- First tankōbon volume cover

夜回り先生
- Genre: Autobiographical; Drama;
- Written by: Osamu Mizutani [ja]
- Illustrated by: Seiki Tsuchida [ja]
- Published by: Shogakukan
- Imprint: Ikki Comix
- Magazine: Monthly Ikki
- Original run: February 25, 2005 – May 25, 2009
- Volumes: 9 + 2 extras
- Anime and manga portal

= Yomawari Sensei =

Japanese manga series

Yomawari Sensei (夜回り先生) is a Japanese autobiographical manga series written by Osamu Mizutani and illustrated by Seiki Tsuchida. It was serialized in Shogakukan's seinen manga magazine Monthly Ikki from February 2005 to May 2009, with its chapters collected in nine tankōbon volumes.

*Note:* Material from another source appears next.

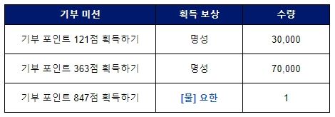 - 획득한 기부 포인트에 따라 [기부 미션]이 완료되며, 완료된 기부 미션 단계마다 보상을 획득할 수 있습니다.
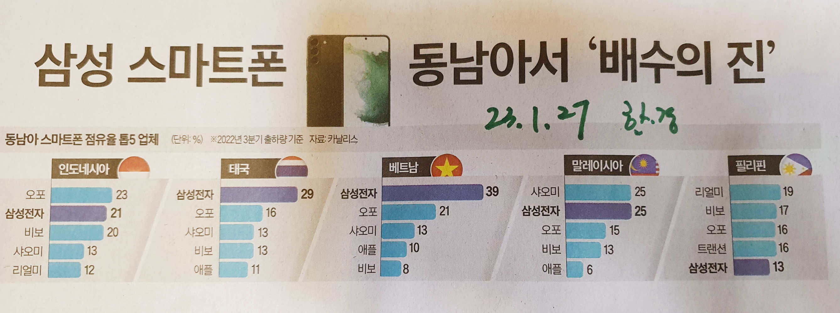 삼성 스마트폰 동남아 점유율 리스트 23.1.17 한경

The manga is based on Mizutani's autobiographical book of the same title published in 2004.

==Synopsis==
Osamu Mizutani is a high school teacher working at a night school in Yokohama. By night, he seeks out vulnerable teenagers—runaways, recluses, and those struggling with drug addiction—who have been cast aside by society. Offering guidance and support, he walks alongside them in their darkest moments, earning him the nickname "The Night Patrol Teacher".

==Publication==
Written by Osamu Mizutani and illustrated by Seiki Tsuchida, Yomawari Sensei is based on Mizutani's autobiographical book of the same title, released by Sanctuary Publishing on February 10, 2004 (re-released by Shogakukan on March 6, 2009). A previous story, subtitled Blanco (ブランコ, Buranko), was published in Shogakukan's seinen manga magazine Monthly Ikki on October 25, 2004; it was released as a collected volume on December 28, 2004.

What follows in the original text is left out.